Homeostatic and pathogenic roles of the GM3 ganglioside.

The FEBS journal

Jin-Ichi Inokuchi, Hirotaka Kanoh, Kei-Ichiro Inamori, Masakazu Nagafuku, Takahiro Nitta, Koichi Fukase

Affiliations

  1. Division of Glycopathology, Institute of Molecular Biomembrane and Glycobiology, Tohoku Medical and Pharmaceutical University, Sendai, Japan.
  2. Core for Medicine and Science Collaborative Research and Education (MS-CORE), Project Research Center for Fundamental Sciences, Osaka University, Japan.
  3. Department of Chemistry, Graduate School of Science, Osaka University, Japan.
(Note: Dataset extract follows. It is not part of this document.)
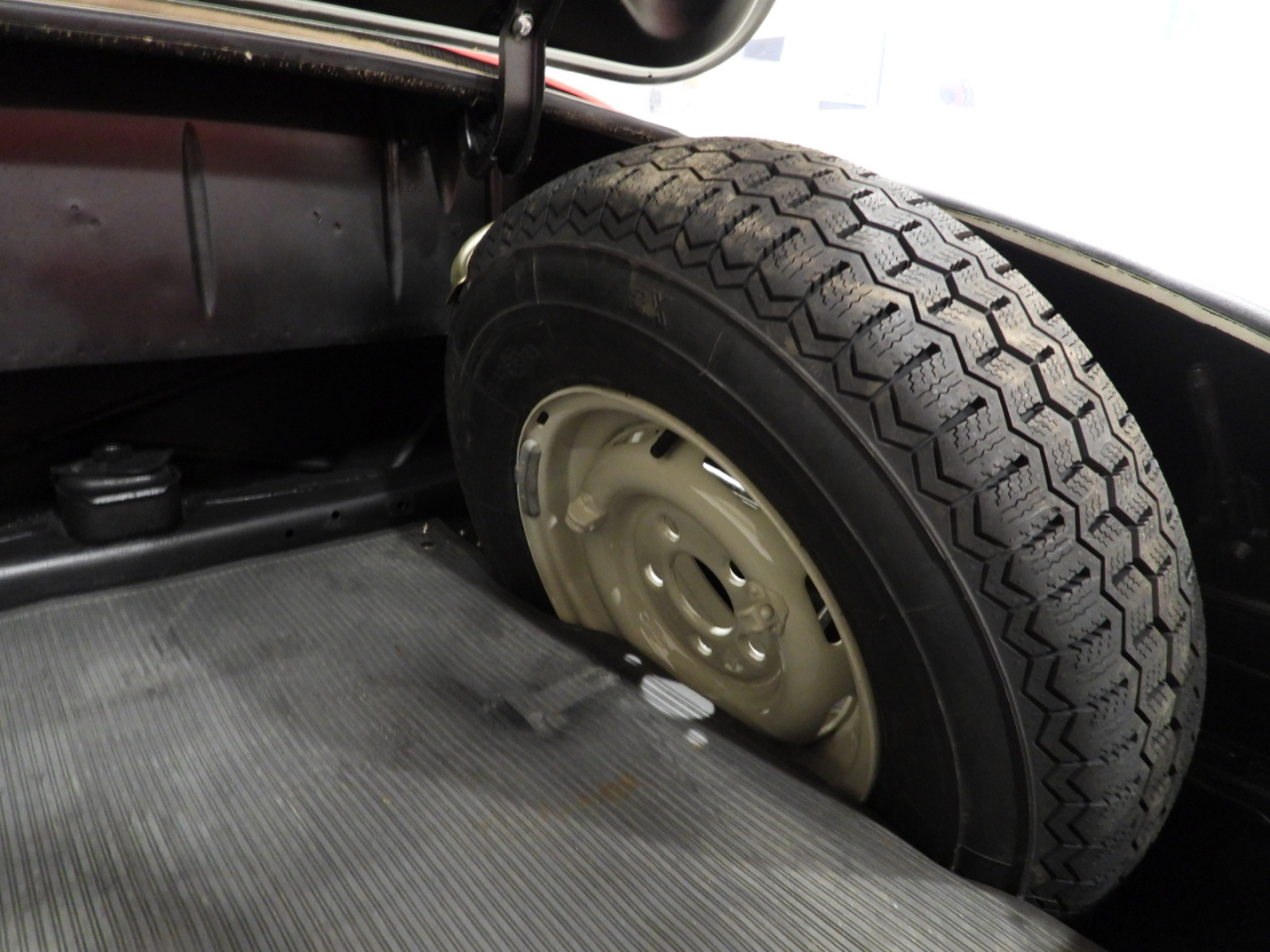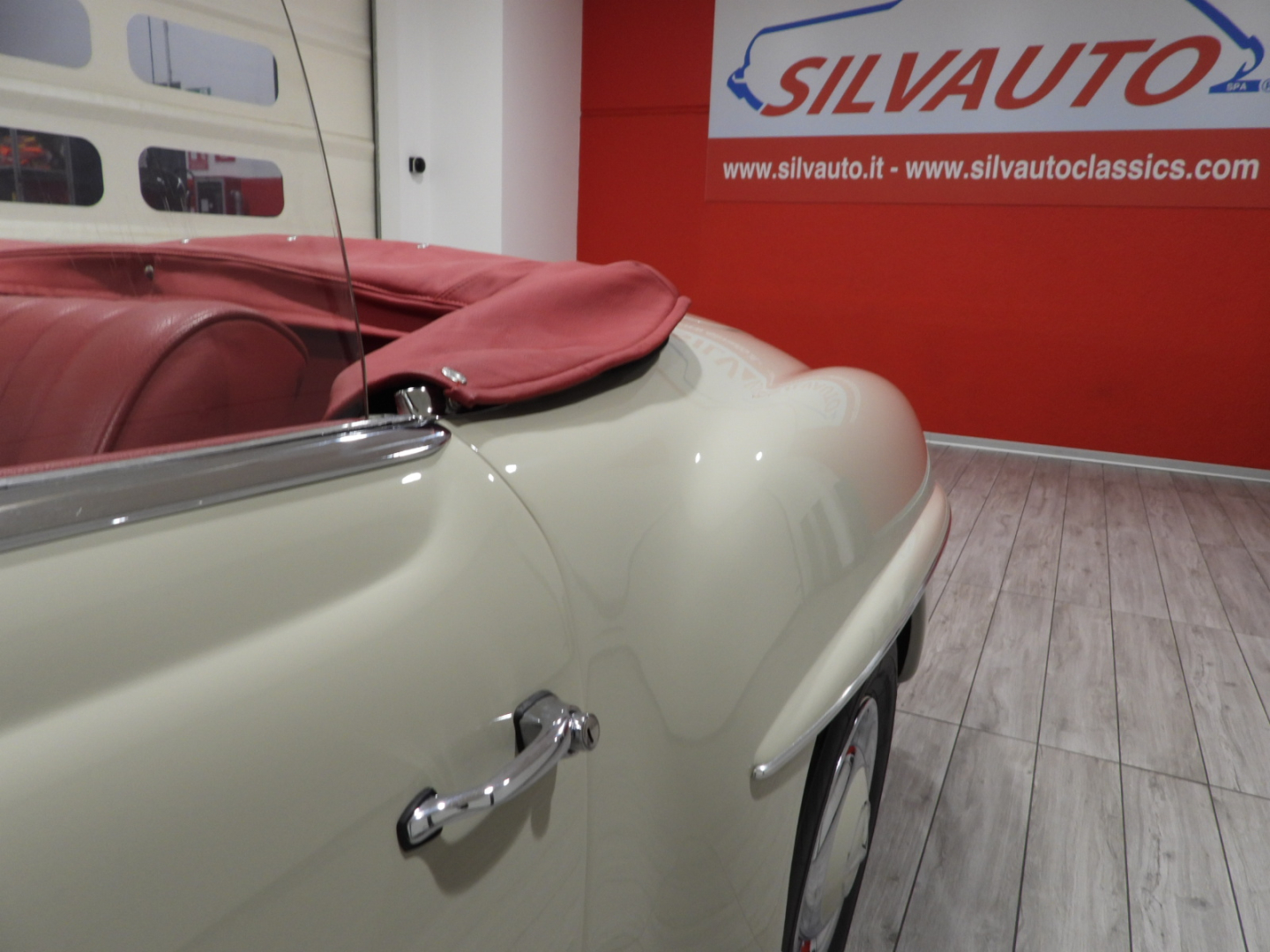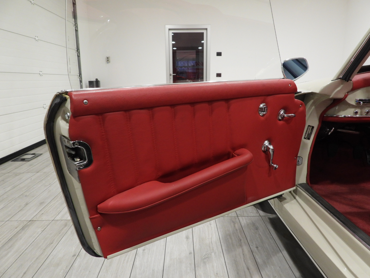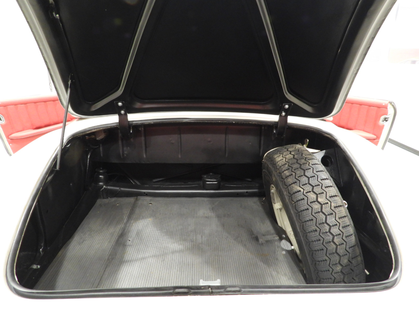 Sedili e pannelli in tutta pelle cartier, Moquette in lana rossa al pavimento, Specchio esterno lato guida cromato, Autoradio Blaupunkt con antenna manuale al parafango anteriore sinistro, Cerchi in ferro con calotte in tinta carrozzeria con anello cromato con pneumatici Michelin 6.40 R13, Capotte in tela nera, Hard top in tinta carrozzeria

PMID: 34125497 DOI: 10.1111/febs.16076

Abstract

Two decades ago, we achieved molecular cloning of ganglioside GM3 synthase (GM3S; ST3GAL5), the enzyme responsible for initiating biosynthesis of complex gangliosides. The efforts of our research group since then have been focused on clarifying the physiological and pathological roles of gangliosides, particularly GM3. This review summarizes our long-term studies on the roles of GM3 in insulin resistance and adipogenesis in adipose tissues, cholesterol uptake in intestine, and leptin resistance in hypothalamus. We hypothesized that GM3 plays a role in innate immune function of macrophages and demonstrated that molecular species of GM3 with differing acyl-chain structures and modifications functioned as pro- and anti-inflammatory endogenous Toll-like receptor 4 (TLR4) modulators in macrophages. Very-long-chain and α-hydroxy GM3 species enhanced TLR4 activation, whereas long-chain and unsaturated GM3 species counteracted this effect. Lipidomic analyses of serum and adipose tissues revealed that imbalances between such pro- and anti-inflammatory GM3 species promoted progression of metabolic disorders. GM3 thus functions as a physiological regulatory factor controlling the balance between homeostatic and pathological states. Ongoing studies based on these findings will clarify the mechanisms underlying ganglioside-dependent control of energy homeostasis and innate immune responses.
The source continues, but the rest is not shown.